Никаких новых указаний о порядке использования войск во изменение задач, определенных планом прикрытия, ни командиры корпусов, ни командиры дивизий в первые часы войны не давали. Это обуславливалось тем, что ни для кого из них обстановка не была ясной. Во-первых, командиры и штабы не имели никаких данных о количестве сил и действиях противника на различных участках фронта. Каждый видел только то, что делалось перед ним. Информации ни сверху, ни от соседей не поступало. Во-вторых, командиры корпусов и дивизий, не имея постоянной связи с частями, не знали в первые часы войны истинных потерь и предполагали, что в районы сбора по тревоге части выйдут достаточно боеспособными, а противник не рискнет вторгнуться большими силами и направит на нашу территорию лишь отдельные части.

Около 6 часов в штаб армии поступило первое письменное донесение от командира 28-го стрелкового корпуса генерал-майора В. С. Попова.
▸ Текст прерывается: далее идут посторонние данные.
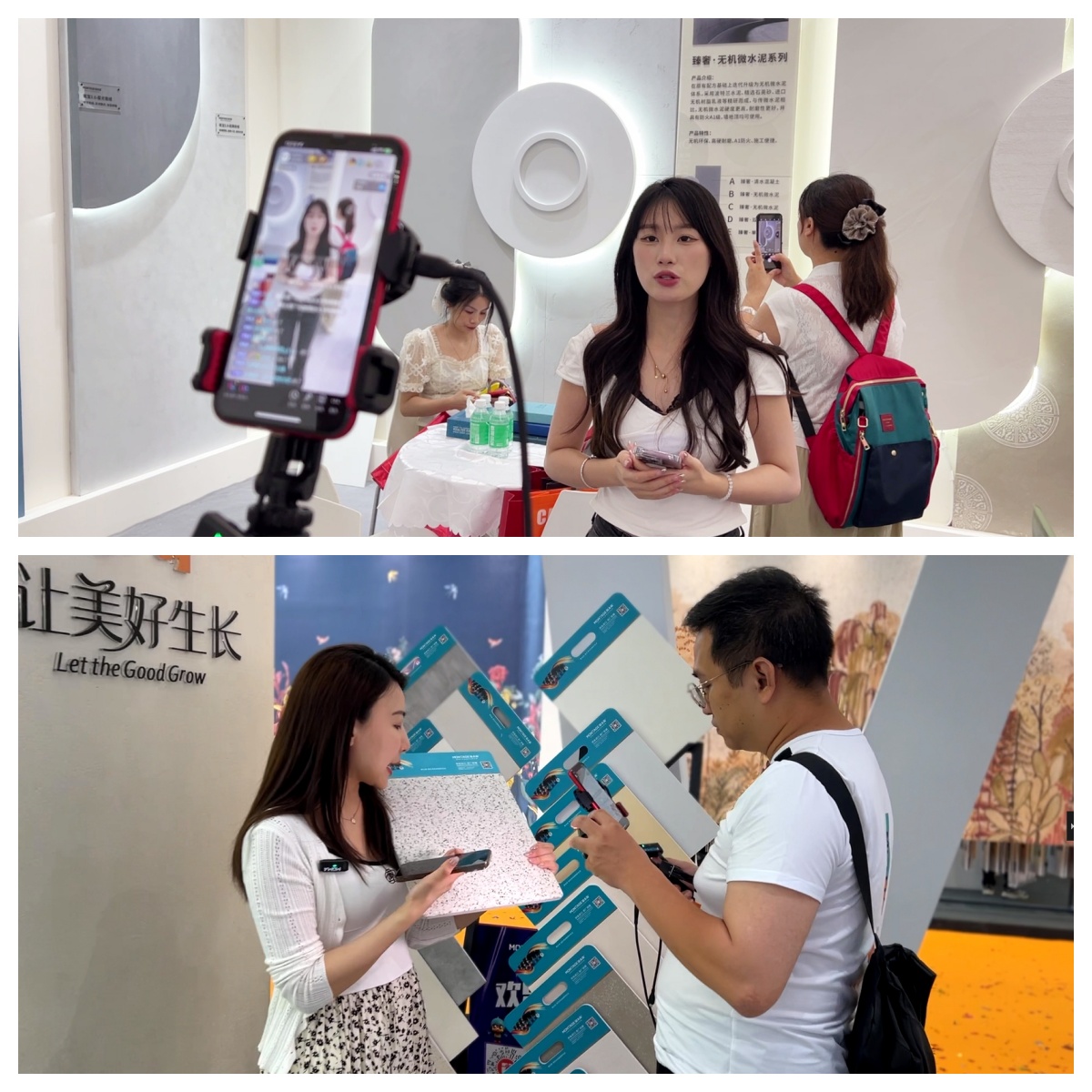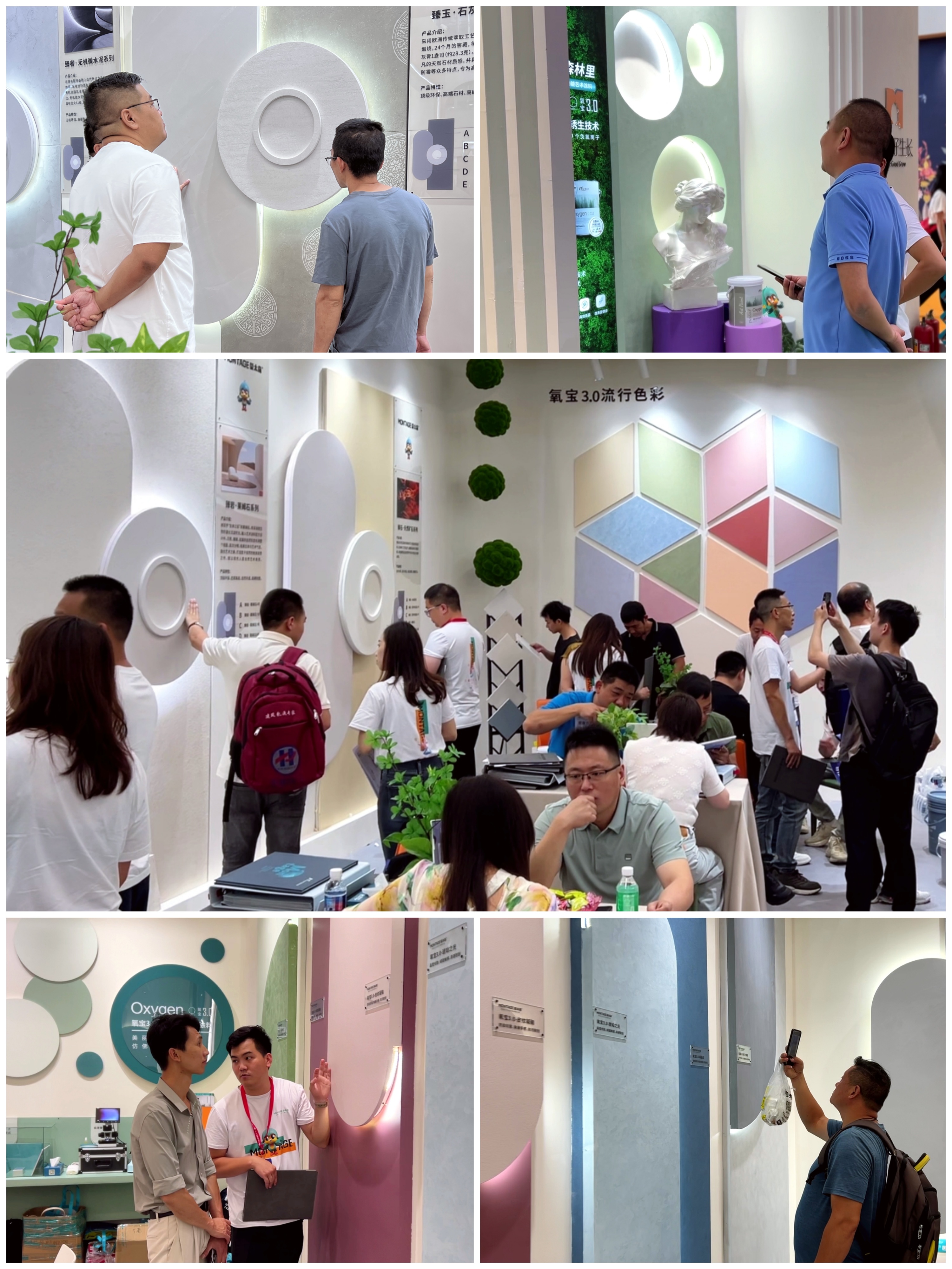 蒙太奇憑借強(qiáng)勁的品牌號(hào)召力,展位內(nèi)人海如潮,咨詢者絡(luò)繹不絕。其中,氧寶3.0高端功能藝術(shù)涂料體驗(yàn)區(qū)、臻石高定石材藝術(shù)涂料體驗(yàn)區(qū)、原裝進(jìn)口高定工藝藝術(shù)涂料體驗(yàn)區(qū)尤為熱鬧,每一款產(chǎn)品墻都展現(xiàn)了獨(dú)特的美感,吸引了眾多參觀者云集,讓觀眾零距離、沉浸式感受“會(huì)呼吸”的墻。
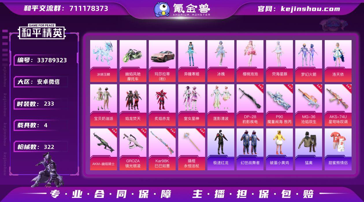 13粉装 9粉枪 4载具 233套装 322枪皮 46热门 玛莎拉蒂Ghibli(粉) 幽焰风驰摩托车 冰绡玉鳞 梦幻火箭 宝贝奶油派 洛天依 机械征服者 滨海厨神 吉莉礼服 北国孤狼 海龙战士 幻羽潜行 虎虎生威吉莉 精神漫游 疯狂小兔子 空投萌叽 白熊同盟 莲影清波 炫蓝之夏 萌黄之夏 花园小羊咩 黄色名流 牛气满满 猛禽 破晓战魂 鹤鸣 原初圣火 荣耀 逆风勇士 萌趣颜团子 特种颜团子 镭射皇者 银白舞王 耀粉歌者 潮流炫酷 飞行日记 莱茵河畔 暴风机械师 福星高照 时空追击者 暗夜傀儡 柠萌假日 王牌教练 缤纷假日 雪兔飞飞 飞驰魅影 龟仙人 音速流光 鹤发童颜 日照花林 果汁能量 明鸳圣池 冷焰舞者 空岛之星 月蓝流光 狂战萌兔 香榭午后 都市漫游者 惊鸿侠骨 萌趣咩咩 竞技名士 娇憨猪猪 锦衣飞扬 深蓝色名流 云霞荷露 晨曦薄雾 牛仔情诗 银月精灵 酒红色名流 战地督导 灼焰舞者 龙的传人 玉兔迎春 快闪甜心 忠真马岱 田园牧歌 春光漫游 轻风白浪 湖蓝色名流 蓝色守护者 光之冒险 绯格组合 青春校园 滨海假日 完美偶像 街头潮人 怒火燎原 蓝彩潮人 绮丽涂鸦 特殊使命 缤纷果语 野性战心 暗金炫舞 机械冒险家 格斗先锋 幻世战舞者 人气偶像 龙舌兰冰茶 幻影武者 都市魅力 冰川特警 夏日音浪 热...

Из донесения штабу армии стало известно, что командный пункт корпуса в 5 часов 45 минут находился в роще в 2 км юго-восточнее Жабинки. Действительной обстановки командир и штаб корпуса не знали. Они доносили, что авиация противника вывела из строя на аэродроме южнее Высокого семь самолетов корпусного авиаотряда (тогда как в реальности там были сожжены и все самолеты штурмового авиационного полка). О потерях личного состава в дивизиях ничего не говорилось, следовательно, о них в штабе корпуса сведений не имелось. По-видимому, командир корпуса считал, что ничего серьезного еще не произошло, так как он приказал командиру 6-й стрелковой дивизии «коротким контрударом выбить противника из Бреста»[13].

Постановка задачи на контрудар только 6-й стрелковой дивизии свидетельствовала о стремлении командира корпуса действовать по плану прикрытия, так как 42-я стрелковая дивизия после сбора должна была выдвигаться в район Семятиче.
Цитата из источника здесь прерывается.